As a beginner, at the beginning, regardless of the quality of the code, as long as the code can be run correctly and completely, it will be able to make yourself happy, as in our games, we will be more interested in playing if we can get positive feedback in a short time.
The same is true for learning, as long as we can get feedback from our learning in the short term, then our desire to learn is also strong.
As a rookie, to be able to complete this crawler program in its entirety would be one of the greatest rewards, but I actually gained much more than that in this process.
Good code should actually have the following characteristics
- Ability to meet the most critical needs
- easily understood
- Fully annotated
- Use standardized naming
- No apparent security issues
- Fully tested
As an example of adequate testing, often write code should know that although most of the time your code is not buggy, but that just means that most of the time it is stable, but under certain conditions it will be wrong (to reach the error conditions, there are logic problems, etc.). That's for sure.
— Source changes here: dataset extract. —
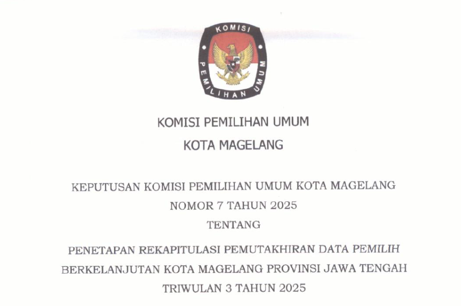 Berdasarkan Keputusan KPU Kota Magelang Nomor 7 Tahun 2025 tentang Penetapan Rekapitulasi Pemutakhiran Data Pemilih Berkelanjutan Kota Magelang Provinsi Jawa Tengah Triwulan III Tahun 2025.bersama ini disampaikan

As for what causes, different codes have different reasons. If the code program is perfected once, then the software of the software we use would not be updated so often. I won't go into all the other reasons.
I have known for a long time that...
5 Characteristics Good Code Generally Possesses
1. Easy maintenance
2. Reusable
3. Scalable
4. Strong flexibility
5. Robustness
After running my code I found that the time complexity is relatively large, so this is where I will improve, but there is more to it than that. There are also a lot of unreasonable utilization of the place, as for the existence of the shortcomings of the place to wait for me to slowly enhance the improvement of it!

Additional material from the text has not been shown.